You mean, with the mirror ?

Well, first solve for the classical modes, WITH the boundary conditions such as the mirror and all that. A single mode (a harmonic solution to the maxwell equations) will probably be some kind of TEM wave, including the reflexion on the mirror, because that's now included in the boundary conditions of the classical problem. The harmonic oscillator corresponding to that mode will then be quantized, and the energy steps of this oscillator will be "photons" of this system. It is part of the "propagation of this photon" to be reflected on that mirror. You cannot analyze this reflection in more detail, because it was introduced as a boundary condition, and not as a physical interaction.
(a bit in the same way as you cannot analyze the specific nature of the interaction of a constraint in Lagrangian mechanics, if you have imposed a holonomic constraint on the generalized coordinates: you can only do that if you introduce an explicit binding potential and don't introduce a holonomic constraint).

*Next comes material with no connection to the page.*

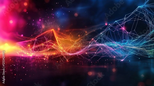 Abstract Digital Landscape with Interconnected Lines in Vibrant Colors and Soft Glow Ideal for Modern Backgrounds and Creative Projects
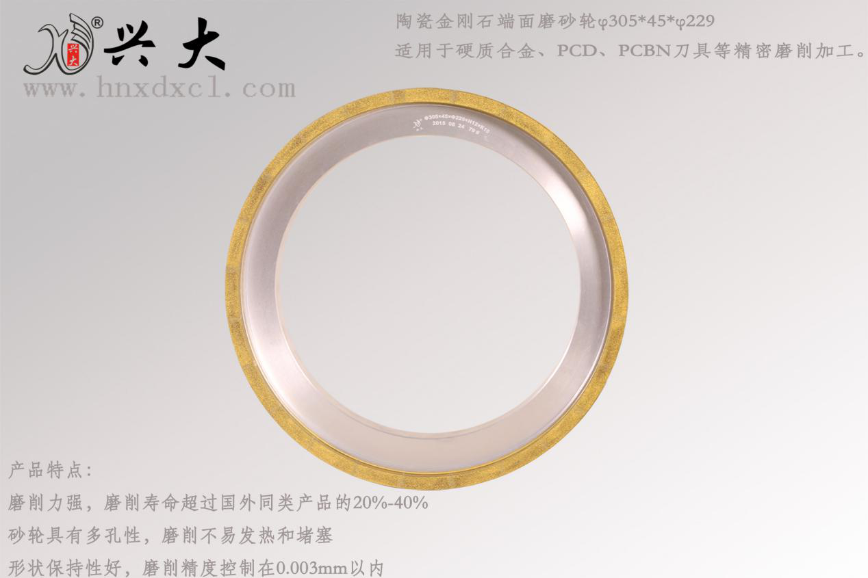 金剛石周邊磨的磨削力強(qiáng),磨削壽命超過國(guó)外同類產(chǎn)品的20%-40%;砂輪具有多孔性,磨削不易發(fā)熱和阻塞;自銳性好,切削鋒利,生產(chǎn)效率高;形狀保持型號(hào),磨削精度高。它從根本上解決了樹脂金剛石砂輪磨削效率低,使用壽命短,形狀保持性差,磨削過程中易碳化,及生產(chǎn)成本和磨削精度的問題。

When you quantize this classical system (EM field + perfect mirror as boundary condition), a single photon remains a single photon "as it reflects off the mirror", in the same way as, in free space, a single photon remains itself when it propagates through space, because the "mirror" became kind of part of its "free propagation".

However, this photon (remember that photons are nothing else but steps between stationary states) is a different kind of photon from the photon in the free field solution (without mirror). We can both bring into agreement, by introducing an interaction term in the free field solution, which represents the overall action of the mirror on the photon. It will (in its most rudimentary form) be simply a destruction and a creation operator, which destroys the "incoming photon" and creates the "reflected photon" in the free EM field photon basis.